Gender, Sexuality, and Power in Latin America Since Independence
Title | Gender, Sexuality, and Power in Latin America Since Independence PDF eBook |
Author | William E. French |
Publisher | Rowman & Littlefield |
Pages | 326 |
Release | 2007 |
Genre | History |
ISBN | 9780742537439 |
Integrates gender and sexuality into the main currents of historical interpretation concerning Latin America.
I Ask for Justice
Title | I Ask for Justice PDF eBook |
Author | David Carey, Jr. |
Publisher | University of Texas Press |
Pages | 364 |
Release | 2013-10-01 |
Genre | Social Science |
ISBN | 029274868X |
Given Guatemala’s record of human rights abuses, its legal system has often been portrayed as illegitimate and anemic. I Ask for Justice challenges that perception by demonstrating that even though the legal system was not always just, rural Guatemalans considered it a legitimate arbiter of their grievances and an important tool for advancing their agendas. As both a mirror and an instrument of the state, the judicial system simultaneously illuminates the limits of state rule and the state’s ability to co-opt Guatemalans by hearing their voices in court. Against the backdrop of two of Latin America’s most oppressive regimes—the dictatorships of Manuel Estrada Cabrera (1898–1920) and General Jorge Ubico (1931–1944)—David Carey Jr. explores the ways in which indigenous people, women, and the poor used Guatemala’s legal system to manipulate the boundaries between legality and criminality. Using court records that are surprisingly rich in Maya women’s voices, he analyzes how bootleggers, cross-dressers, and other litigants crafted their narratives to defend their human rights.

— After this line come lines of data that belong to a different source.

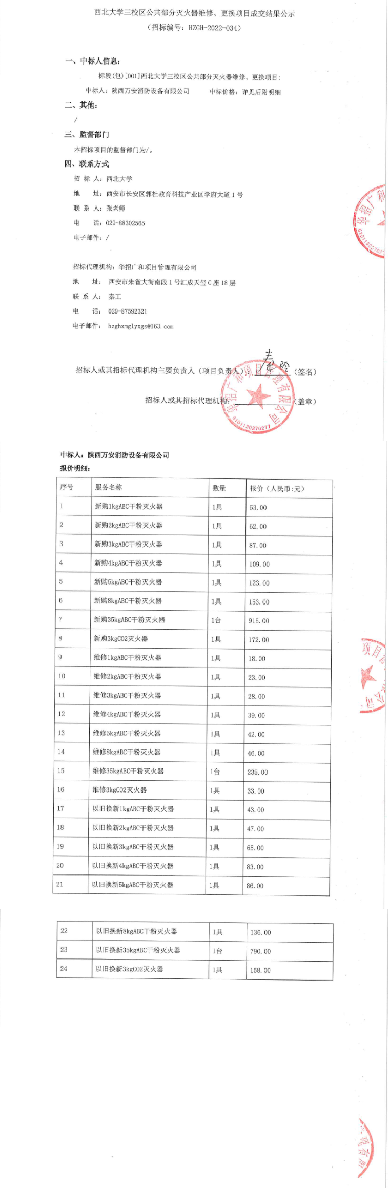 关于广发体育三校区公共部分灭火器维修、更换项目成交结果公示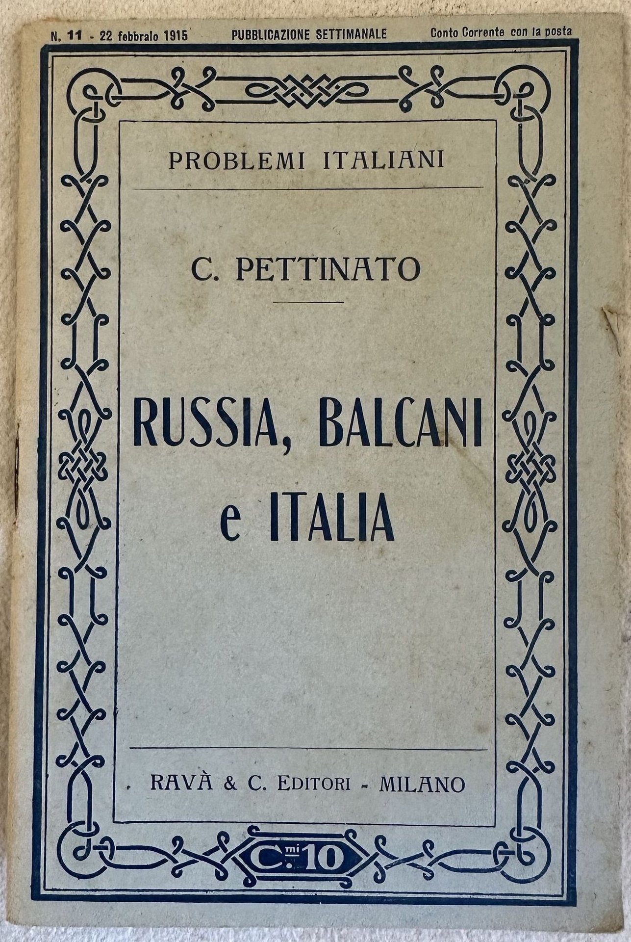 Edizione del 1915 di questa monografia della collana "Problemi italiani" n. XI sulla Russia i Balcani e i loro rapporti con l'Italia di Concetto Pettinato. All'interno: Civiltà e barbarie, Idee sociali, Ideali politici e religiosi, La Russia del Governo, La germanizzazione, L'intrigo tedesco nella politica russa, Il genio tedesco dell'Impero, Il sofisma dell'interesse di Stato, Imperialismo e slavismo, L'errore della politica europea, Gli slòavi baluardo dell'imperialismo russo, Un grande interesse italo slavo, Il Mediterraneo ai popoli mediterranei ec.) In ottime condizioni. Copertina editoriale in ottime condizioni con lievi usure marginali. Legatura in buone condizioni. Pagine in ottime condizioni generali con rare fioriture. In 16. Dim. 17,5x11,5 cm. Pp. 27.Edition of 1915 of this mongoraphy of the series "Problemi italiani" n. XI about Russia Balcans and their relationship with Italy by Concetto Pettinato. in very good conditions Editorial cover in very good conditions lightly worn in the extremities. Binding in good general conditions. Inside pages are in very good conditions with occasional foxing. In 16. Dim. 17,5x11,5 cm. Pp. 27.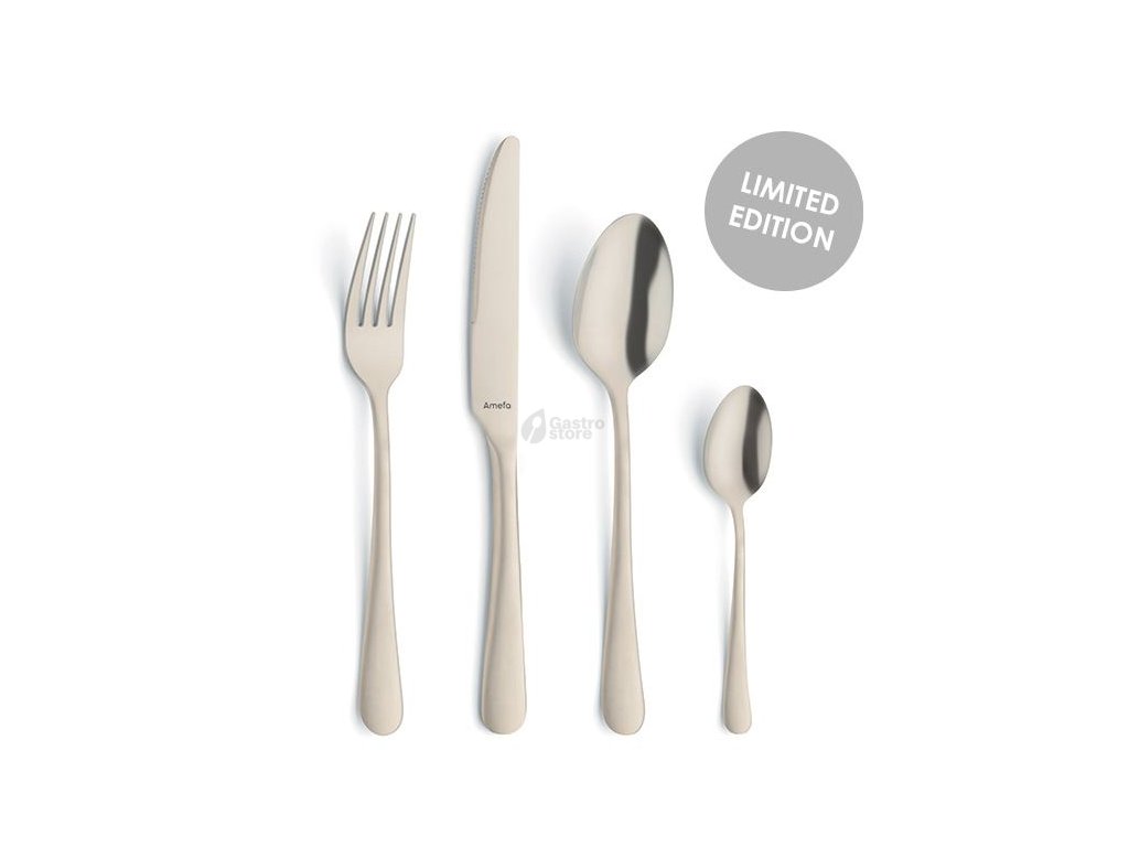 Příbory z řady Amefa Austin se vyznačují jemnou linií a hladkými křivkami. Barva "champagne" je nyní velmi trendy. Můžete ji kombinovat i s jinými kovovými odstíny. Tyto příbory vypadají velmi luxusně, styl Vintage.

Revealing how nuances of power, gender, ethnicity, class, and morality were constructed and contested, this history of crime and criminality demonstrates how Maya men and women attempted to improve their socioeconomic positions and to press for their rights with strategies that ranged from the pursuit of illicit activities to the deployment of the legal system.
Fatal Love
Title | Fatal Love PDF eBook |
Author | Victor Uribe-Uran |
Publisher | Stanford University Press |
Pages | 456 |
Release | 2015-12-16 |
Genre | History |
ISBN | 0804796319 |
One night in December 1800, in the distant mission outpost of San Antonio in northern Mexico, Eulalia Californio and her lover Primo plotted the murder of her abusive husband. While the victim was sleeping, Prio and his brother tied a rope around Juan Californio's neck. One of them sat on his body while the other pulled on the rope and the woman, grabbing her husband by the legs, pulled in the opposite direction. After Juan Californio suffocated, Eulalia ran to the mission and reported that her husband had choked while chewing tobacco. Suspicious, the mission priests reported the crime to the authorities in charge of the nearest presidio. For historians, spousal murders are significant for what they reveal about social and family history, in particular the hidden history of day-to-day gender relations, conflicts, crimes, and punishments. Fatal Love examines this phenomenon in the late colonial Spanish Atlantic, focusing on incidents occurring in New Spain (colonial Mexico), New Granada (colonial Colombia), and Spain from the 1740s to the 1820s. In the more than 200 cases consulted, it considers not only the social features of the murders, but also the legal discourses and judicial practices guiding the historical treatment of spousal murders, helping us understand the historical intersection of domestic violence, private and state/church patriarchy, and the law.